Answer :
Certainly! Let's work through the solution step-by-step for the function \( f(x) = -3|x-2|+6 \).
1. Understanding Absolute Value Function:
The absolute value function \( |x-2| \) produces a non-negative value. Specifically,
[tex]\[ |x-2| = \begin{cases} x-2 & \text{if } x \geq 2 \\ -(x-2) & \text{if } x < 2 \end{cases} \][/tex]
2. Piecewise Definition of the Function:
Now we need to define the function \( f(x) = -3|x-2| + 6 \) in a piecewise manner based on the absolute value.
[tex]\[ f(x) = \begin{cases} -3(x-2) + 6 & \text{if } x \geq 2 \\ -3(-(x-2)) + 6 & \text{if } x < 2 \end{cases} \][/tex]
3. Simplifying Each Piece:
- For \( x \geq 2 \):
[tex]\[ f(x) = -3(x-2) + 6 = -3x + 6 + 6 = -3x + 12 \][/tex]
- For \( x < 2 \):
[tex]\[ f(x) = -3(-(x-2)) + 6 = -3(-x + 2) + 6 = 3x - 6 + 6 = 3x \][/tex]
4. Final Piecewise Function:
Assemble the simplified expressions into a single piecewise function:
[tex]\[ f(x) = \begin{cases} -3x + 12 & \text{if } x \geq 2 \\ 3x & \text{if } x < 2 \end{cases} \][/tex]
5. Graphical Interpretation:
The graph of \( f(x) \) consists of two linear segments:
- A line with a slope of -3 starting from the point \( (2, 6) \) and extending to the right (for \( x \geq 2 \)).
- A line with a slope of 3 starting from \( (2, 6) \) and extending to the left (for \( x < 2 \)).
6. Critical Point:
The transition point at \( x = 2 \) is where the absolute value function changes its behavior. At this point, \( f(x) \) is continuous and smooth given that both pieces meet at \( (2, 6) \).
In summary, the function [tex]\( f(x) = -3|x-2| + 6 \)[/tex] can be represented and analyzed using a piecewise linear approach as detailed above. This yields the final representation and provides insights into its behavior for different values of [tex]\( x \)[/tex].

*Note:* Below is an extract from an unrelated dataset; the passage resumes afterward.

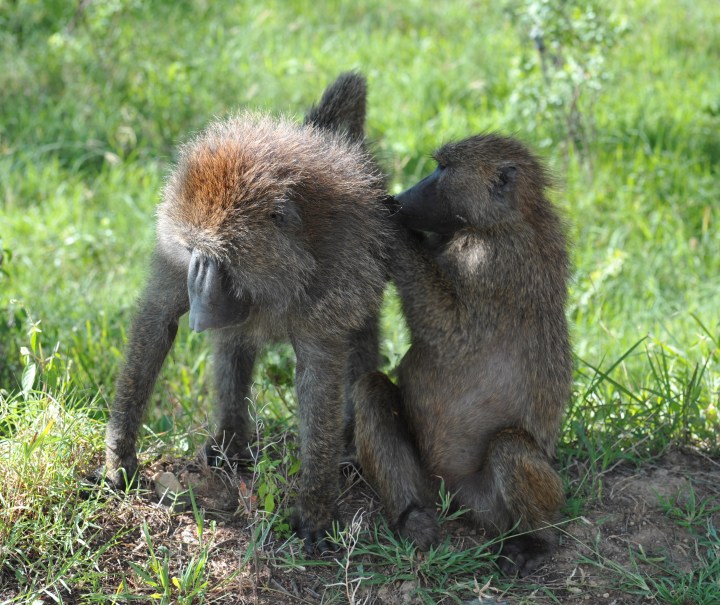 Adult baboons grooming each other

1. Understanding Absolute Value Function:
The absolute value function \( |x-2| \) produces a non-negative value. Specifically,
[tex]\[ |x-2| = \begin{cases} x-2 & \text{if } x \geq 2 \\ -(x-2) & \text{if } x < 2 \end{cases} \][/tex]

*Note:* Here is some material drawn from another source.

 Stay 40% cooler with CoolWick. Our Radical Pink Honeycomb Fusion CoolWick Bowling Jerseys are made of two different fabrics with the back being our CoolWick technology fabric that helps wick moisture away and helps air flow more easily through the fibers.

2. Piecewise Definition of the Function:
Now we need to define the function \( f(x) = -3|x-2| + 6 \) in a piecewise manner based on the absolute value.
[tex]\[ f(x) = \begin{cases} -3(x-2) + 6 & \text{if } x \geq 2 \\ -3(-(x-2)) + 6 & \text{if } x < 2 \end{cases} \][/tex]
3. Simplifying Each Piece:
- For \( x \geq 2 \):
[tex]\[ f(x) = -3(x-2) + 6 = -3x + 6 + 6 = -3x + 12 \][/tex]
- For \( x < 2 \):
[tex]\[ f(x) = -3(-(x-2)) + 6 = -3(-x + 2) + 6 = 3x - 6 + 6 = 3x \][/tex]
4. Final Piecewise Function:
Assemble the simplified expressions into a single piecewise function:
[tex]\[ f(x) = \begin{cases} -3x + 12 & \text{if } x \geq 2 \\ 3x & \text{if } x < 2 \end{cases} \][/tex]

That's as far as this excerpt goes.